In the cohort of patients with suspected AIS (**Internal cohort 5**), who were prescribed to undergo head CTA examination, 87.4% patients diagnosed as aneurysm-negative cases by our framework, among which 96.8% of the patients were true-negative patients, demonstrating excellent confidence in identifying negative cases by our framework. As a result, only 12.6% of patients were categorized as high-risk group, to whom the radiologists can pay intense attention and reduce their workload in detecting aneurysm for AIS patients. AIS, acute ischemic stroke; IA, intracranial aneurysm.

Manufacturers can be a factor to affect the performance of the framework, so the Tianjin dataset (**TJ cohort**) between Jan. 1, 2013 and Dec. 31, 2018 was employed, which had both head CTA and DSA from 3 different manufacturers to elucidate the issue. CTA was acquired by GE Revolution in 13 patents (10 patients with IAs), by Siemens SOMATOM Definition Flash in 21 (18 patients with IAs), by Toshiba Aquilion ONE in 25 (11 patients with IAs). The results demonstrated that the sensitivity and specificity were 70.0%, 66.7%; 72.2%, 66.7%; 45.5%, 50% for GE, SIEMENS and Toshiba, respectively, while without significant differences (all *p*>0.05) **(Extended Data Fig. 4b/c)**.
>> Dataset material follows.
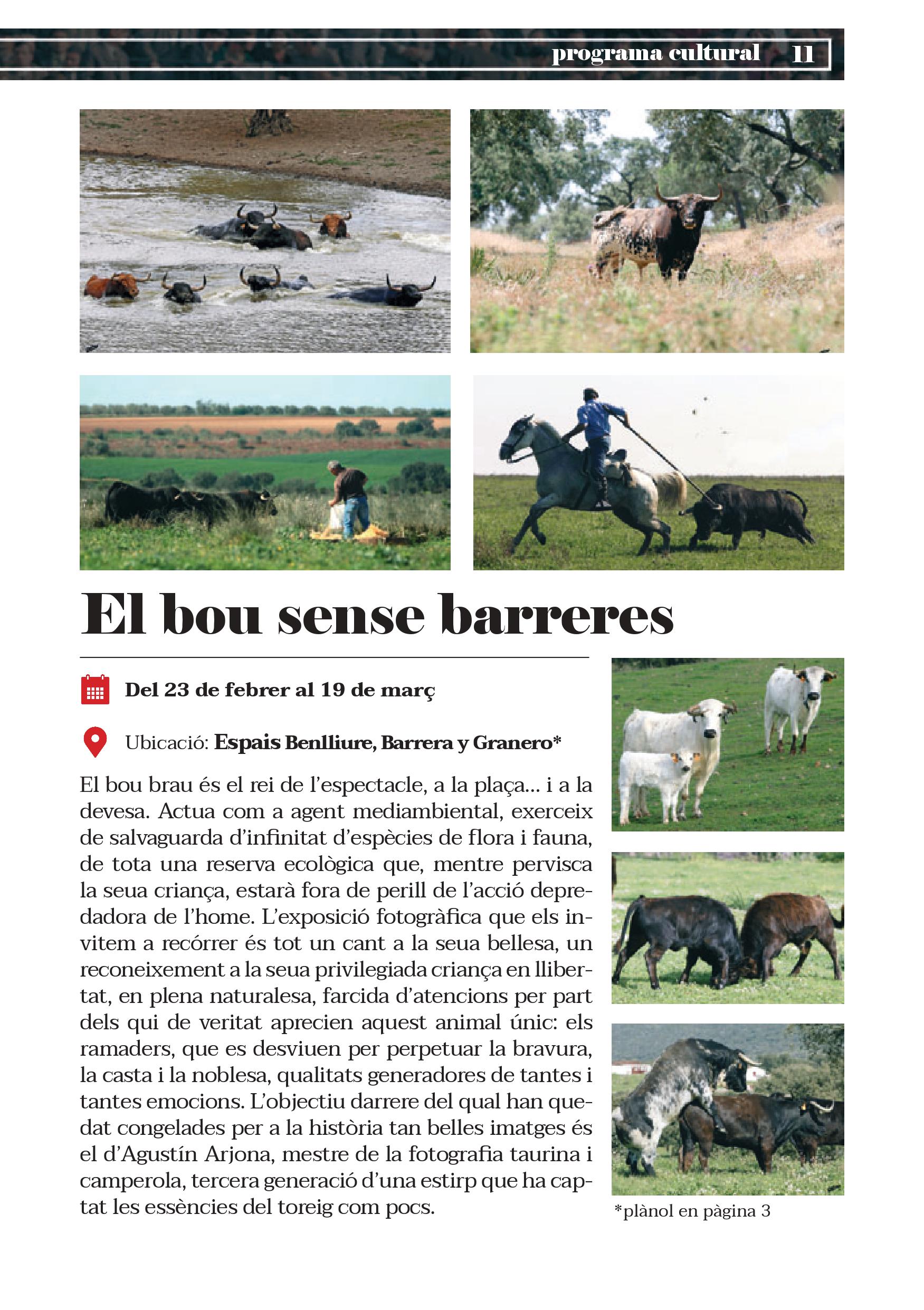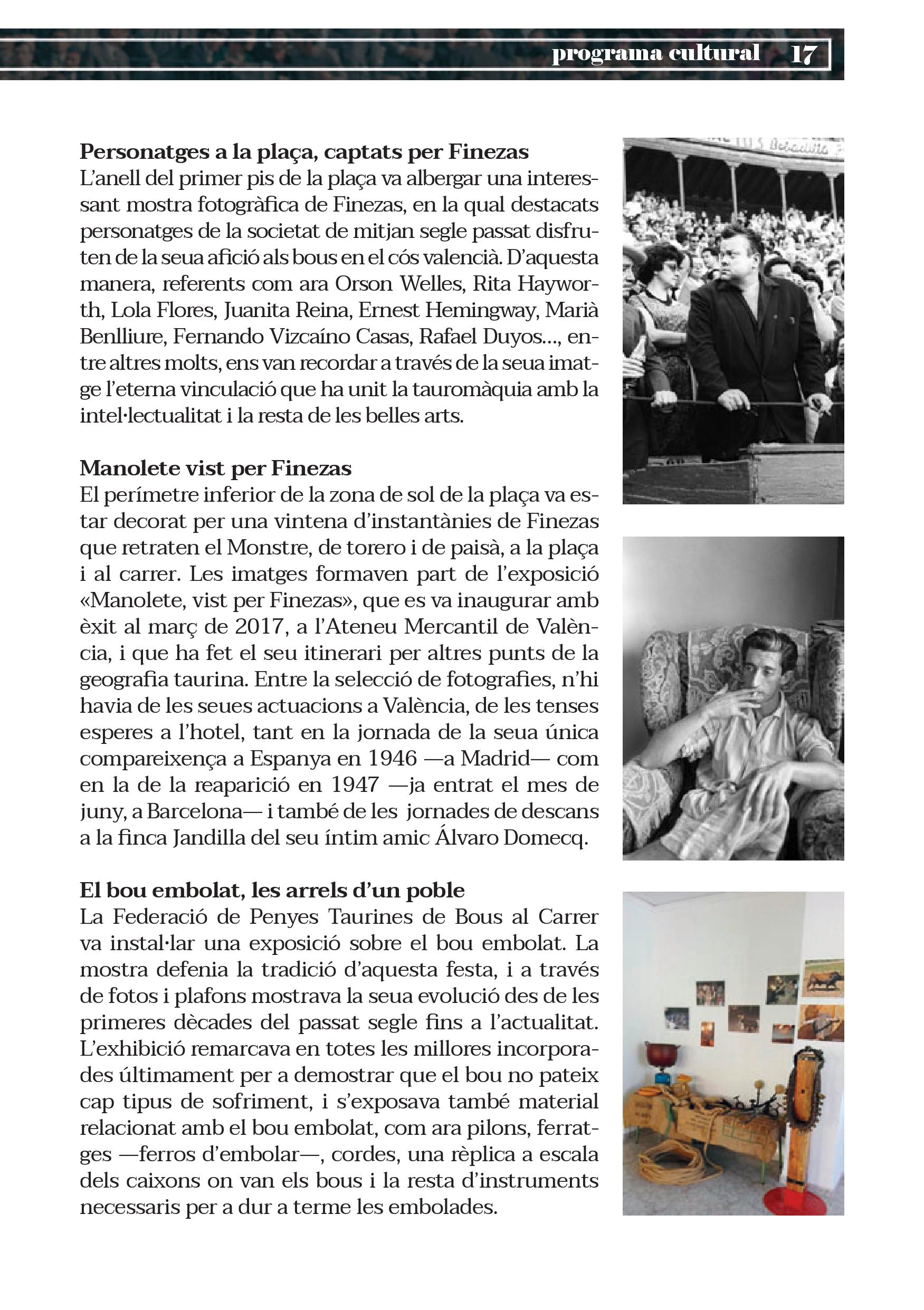 Totes i cadascuna de les cinc exposicions esmentades s’ubiquen en el perímetre inferior de la plaça de bous, però encara hi ha més. Vegen si no: dalt, en el primer pis, es recopila, en més de mig centenar d’imatges, el transcórrer artístic de la temporada taurina de 1968, una campanya de grans èxits que va quedar retratada a través de l’objectiu dels Finezas, una de les sagues de fotògrafs més arrelades en aquesta terra. Juntament amb aquesta, la sempre bella estampa del bou brau al camp és l’eix de la setena i última exposició, en la qual a l’animal, convertit en un ésser quasi mitològic, se li ret homenatge mitjançant una antologia gràfica d’una altra de les firmes de més reputació en el món del bou: la dels Arjona.

### Radiology Expert Analysis of the Error Modes

For knowing the underlying causes of misclassified cases in our developed framework, neuroradiologists analyzed the cases in the **Internal cohorts 2, 3, NBH cohort** and **TJ cohort**. The misdiagnosed cases (13 in **Internal cohort 2**, 8 in **Internal cohort 3**, 7 in **NBH cohort** and 14 in **TJ cohort**) were found between the framework diagnosis and the DSA findings (**Extended Data Table 2a**). Since that misdiagnosis would lead to serious consequences, we only focus on these cases rather than the FPs. Several reasons can attribute to misdiagnosed cases, including (1) Tiny aneurysms (≤ 3 mm); (2) Uncommon shape of aneurysms; (3) Aneurysms located in uncommon locations (such as the posterior inferior cerebellar artery); (4) Inappropriate contrast agent protocols that result in poor artery enhancement or marked intracranial vein enhancement; (5) Other unexplained reasons (**Extended Data Table 2b)**. We defined unexplained reasons for that these aneurysms were obvious for radiologists to catch, while were missed by our framework, which was mainly found in the **TJ cohort** and **NBH cohort** and may be contributed to different manufacturers or CTA scan protocols. And another case with unexplained reason was seen in **Internal cohort 1** and the reason might be the overshooting bone subtraction (a representative missed case is presented in **Extended Data Fig. 5)**.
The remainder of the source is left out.